In primo luogo, in La legge del Tempo, l’io lirico medita sulla genesi della sua scrittura, nata dall’anelito a “osservare e rapire / l’indispensabile o l’imprevedibile oppure l’impossibile”. Il suo rapporto con esso è estremamente ambiguo. Non è di certo “anima senza nostalgia alcuna”, dal momento che, in più occasioni, stabilisce un dolente dialogo in absentia con una figura femminile: “La mia lealtà non è bastata. Forse non è / gran cosa per te, perché altri ti offriranno mondi di velluto, / di seta e nitide parole condite di menzogne”; o ancora “è stato quasi come non avere scelta / il seguire la sola strada tra le tante. / In fondo non eravamo né lì né altrove. / Ci è passata la storia addosso”.
La scrittura di De Matteo vive della dimensione del ricordo, manifestando a tratti la tendenza alla mitizzazione dell’infanzia e dell’adolescenza, pennellate come paradisi perduti, e traducendo tale attitudine, sotto il profilo sociale, nell’idoleggiamento della civiltà contadina. Quella del filosofo popolano Cenzino Maiorano o della nonnina della casa accanto, con la sua ansia di vivere che si esprimeva nel legame con il mare, nume tutelare di queste nostre terre aride. Il poeta esalta, sabianamente, il garbo della sua gente, contrapposto all’attitudine tipica degli “attivisti del nulla”, proliferanti ai giorni nostri. Questa disposizione d’animo è all’origine anche della matrice narrativo-ragionativa, tipicamente meridionale (ma vicina anche alla linea lombarda), che, accanto a quella lirico-simbolica, connota i testi del Morso della murena.
È una poesia fortemente materica quella di De Matteo, che avverte il legame con la mediterraneità, nei suoi simboli e persino negli aspetti materiali della nostra civiltà, in prima battuta il cibo (tantissimi i riferimenti ad alimenti), ma, non meno intensamente, il patrimonio urbanistico e artistico (si pensi alla Madonna del Cardellino) delle città di Puglia.
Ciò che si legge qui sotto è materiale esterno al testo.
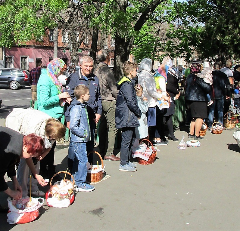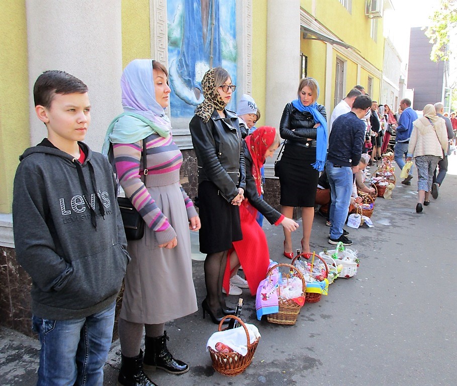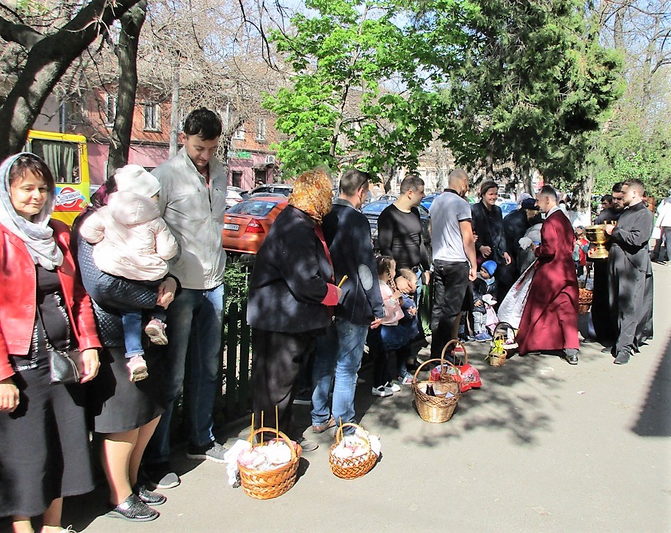 Храм Рождества Христова на ул. Пастера всех желающих освятить пасхальные корзины не вмещает: освящение происходит на улице. Люди сначала входят в храм, покупают свечи, потом выстраиваются в очередь. Как только происходит освящение, их места занимают другие. И несмотря на то, что уже далеко не ранее утро, сюда продолжают спешить сотни и сотни одесситов.
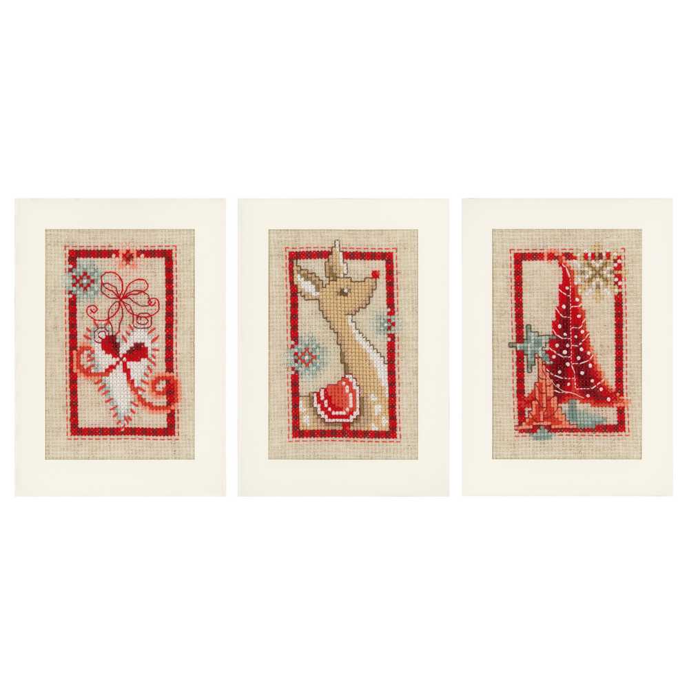 Christmas Symbols: Set of 3 Christmas Cards Cross Stitch Kit Vervaco
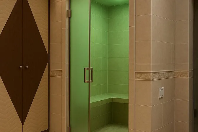 A sala privativa com Jacuzzi era maior do que eu imaginava, com espaço suficiente para nosso grupo (éramos só dois, mas cabe até seis). O vapor subia da água quente, e o piso estava agradável aos pés. Depois de um banho rápido, entramos na banheira, deixando as bolhas e o calor fazerem seu efeito. Ouvi alguém rindo baixinho na sala ao lado—foi bom saber que outras pessoas também estavam relaxando, mas tínhamos nosso cantinho só para nós. A sauna a vapor ficava a poucos passos, e o calor na pele era uma delícia, especialmente depois do frio lá fora.
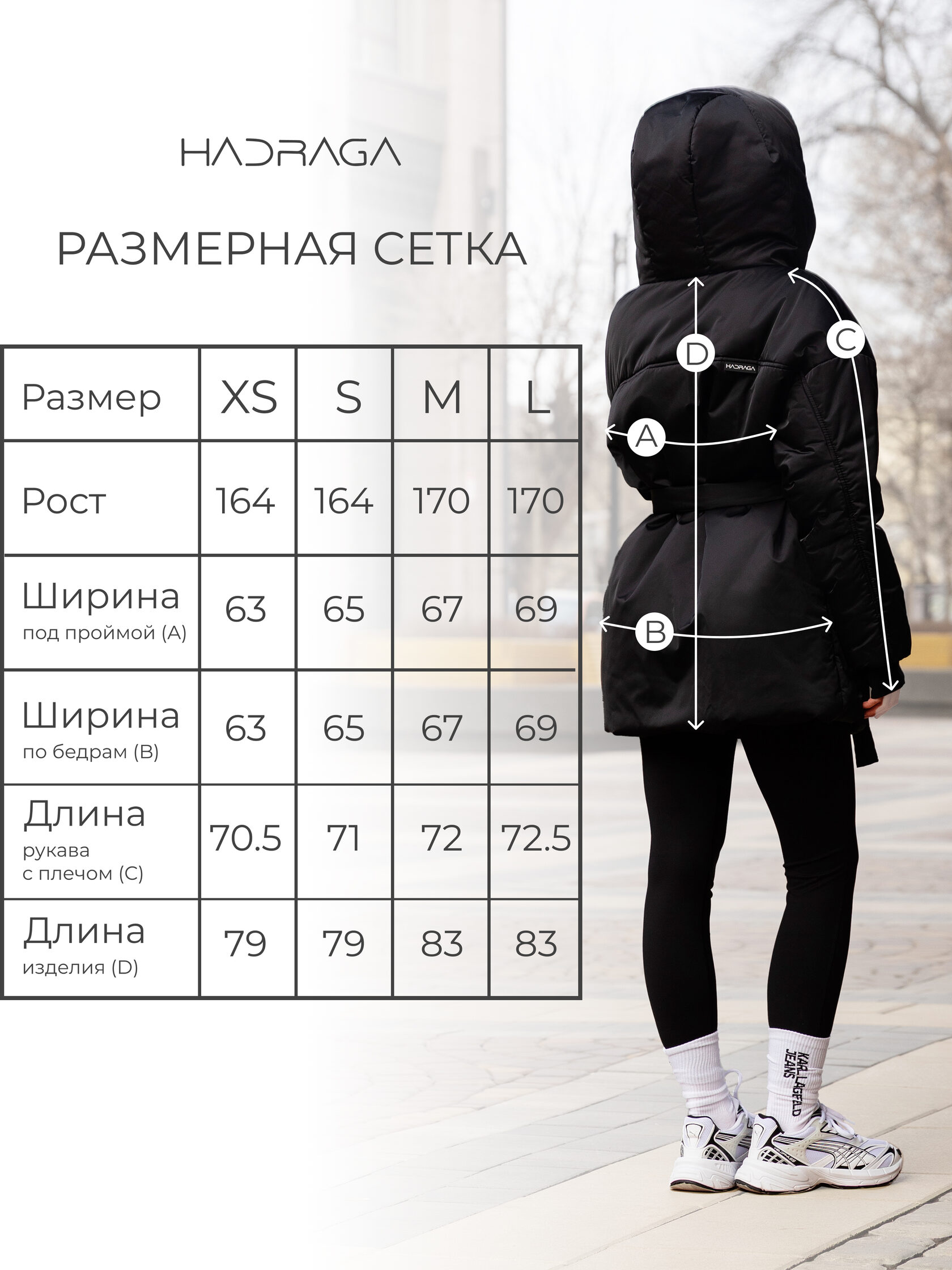 Объёмный силуэт, пояс на талии и высокий капюшон создают комфорт и защищают от холода. Идеальна для межсезонья и зимы — подходит для температуры от +10°C до -10°C.
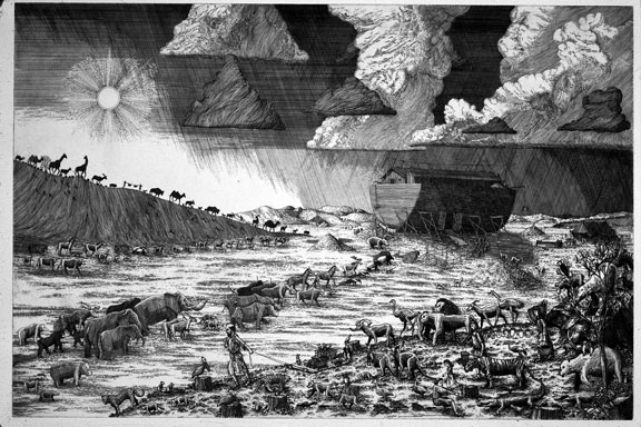 Imagined with a vast variety of living things parading into the ark two-by-two,
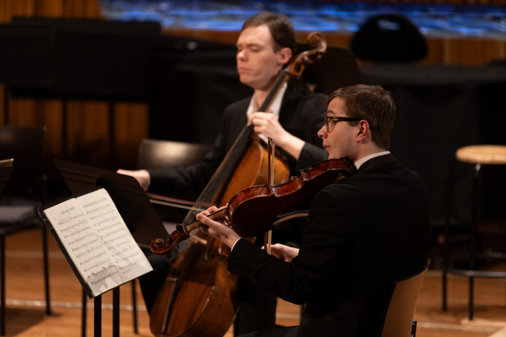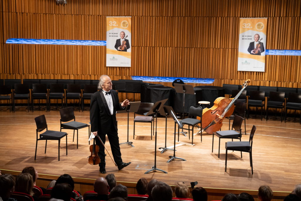 Program večera uvedl Václav Hudeček humorně laděným komentářem, kterým přiblížil dvojitý záskok v řadách účinkujících. Místo původně plánované účasti kvarteta Apollon přijalo pozvání Wihanovo kvarteto, ovšem s jistou personální úpravou. Violoncellistu tohoto souboru Michala Kaňku zastoupil Adam Klánský, který je stabilním členem souboru Ševčík Quartet od července roku 2022. Obě kvarteta se pak k provedení první skladby programu sloučila do komorního ansámblu, který doplnil Rostislav Tvrdík na kontrabas. Sólo v Koncertu pro housle, smyčcový orchestr a continuo G dur, R 310 Antonia Vivaldiho z cyklu L´estro armonico hrál Václav Hudeček. Ad hoc sestavený ansámbl splnil svou úlohu se ctí a výtečně pohyblivý kontrabas přesvědčivě „tvrdil muziku“.
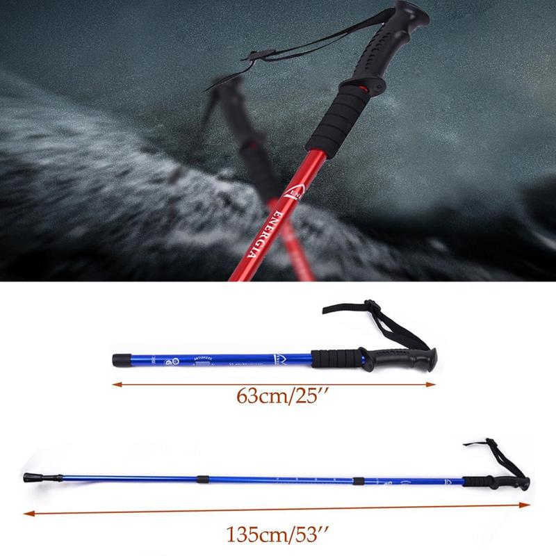 Enhance your outdoor adventures with this 135cm Extendable Hiking Stick. Made from lightweight yet sturdy aluminum alloy, it provides excellent shock absorption to reduce the impact on your knees during hikes or climbs. With an ergonomic grip for comfortable handling and adjustable length, this pole is perfect for users of all ages. The foldable design makes it easy to store and transport, offering balance and stability across various terrains.

Il mare è presenza genericamente ben accolta: in uno dei componimenti, la contemplazione della scogliera induce l’io lirico a figurarsi, in una sorta di mistico panismo, un elevamento psichico, giungendo quasi a protendersi verso Dio. Il vento ha caratteristiche di ambiguità: il refolo è nemico, il maestrale è capriccioso e affatica le chiome degli alberi, ma, paradossalmente, De Matteo finisce con l’accostarlo alla sua vita stessa.
Curiosa la tendenza a iniziare più di un componimento o con puntini di sospensione (più raro) o con la lettera minuscola: da un lato, essa parrebbe quasi indicativa di una programmatica deminutio di quelli che il poeta chiama i suoi “pensieri ribelli”; dall’altra è riconducibile anche al fatto che quella dell’io lirico è una tensione ragionativa ininterrotta, che conosce improvviso e felice sbocco nei versi.
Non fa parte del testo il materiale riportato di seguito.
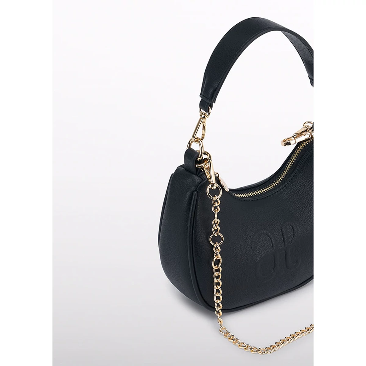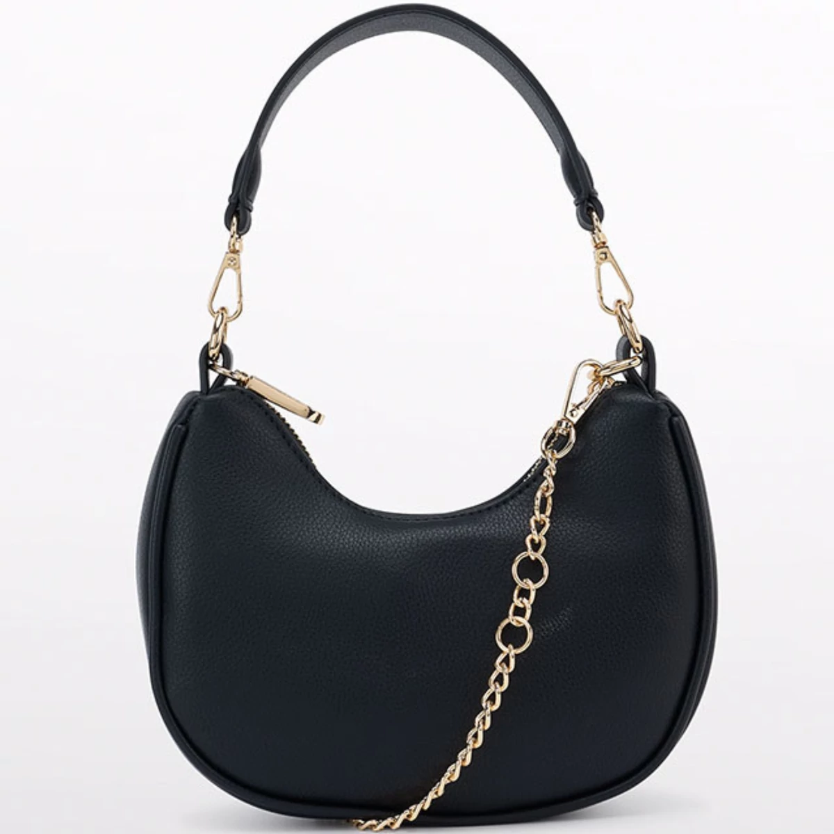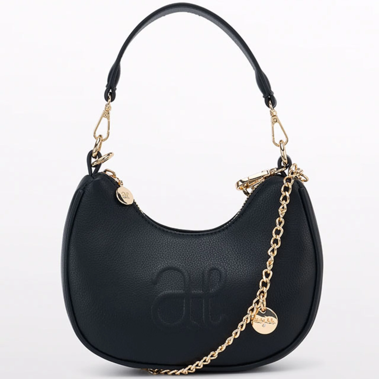 Abel&lula csodaszép fekete műbőr kézitáska ovális formájú, levehető arany lánc vállpánttal, cipzárral záródik, belül béléssel, pici kártyatartóval, Abel logóval díszített. Méretei: 20,5 cmx 15cm x 6cm 2025 TÉL
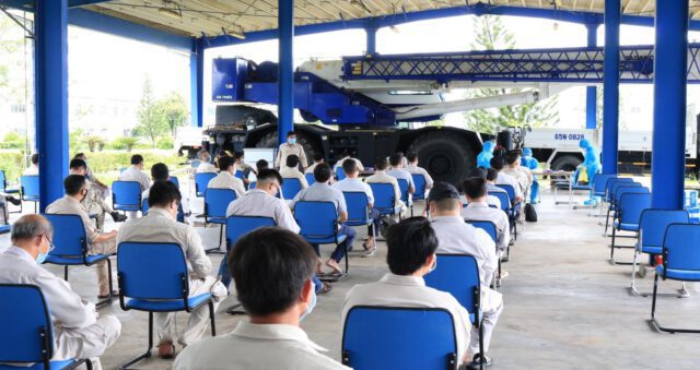Từ chiều ngày 15/7, Ban chỉ đạo phòng chống dịch bệnh COVID-19 (BCĐ) tại Công ty đã tiến hành kiểm tra kháng nguyên Sars-CoV-2 cho toàn bộ ĐHV cũng như nhân viên phục vụ tại nhà ăn, lái xe và nhóm bảo vệ. Căn cứ vào kết quả xét nghiệm âm tính của tất cả các mẫu vào lúc 17h30 cùng ngày, Ban lãnh đạo Công ty và tập thể CBCNV Công ty đã an tâm tiếp tục tiến hành theo phương án.
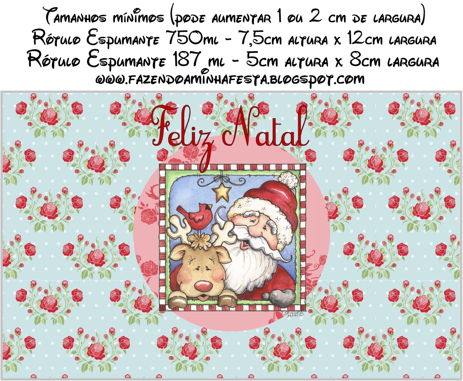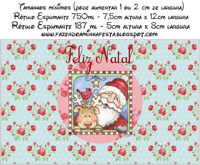 Rótulo Champagne,Vinho e Espumante Natal com Papai Noel Azul e Vermelho com Flores:

La scrittura, pur rifuggendo dai virtuosismi, è raffinata e comunicativa al contempo; coniuga il gusto dell’infrazione della tradizione (la collocazione in posizione di rima di vocaboli come sneakers o di nomi come Cenzino Maiorano) con una musicalità innata, spesso sottocutanea e connotata dal frequente ricorso alla consonanza. Una poesia attenta all’attualità e alle grandi problematiche dell’esistere, che non perde smalto ed è anzi potenziata dalle riletture, per i molteplici significati che in essa albergano.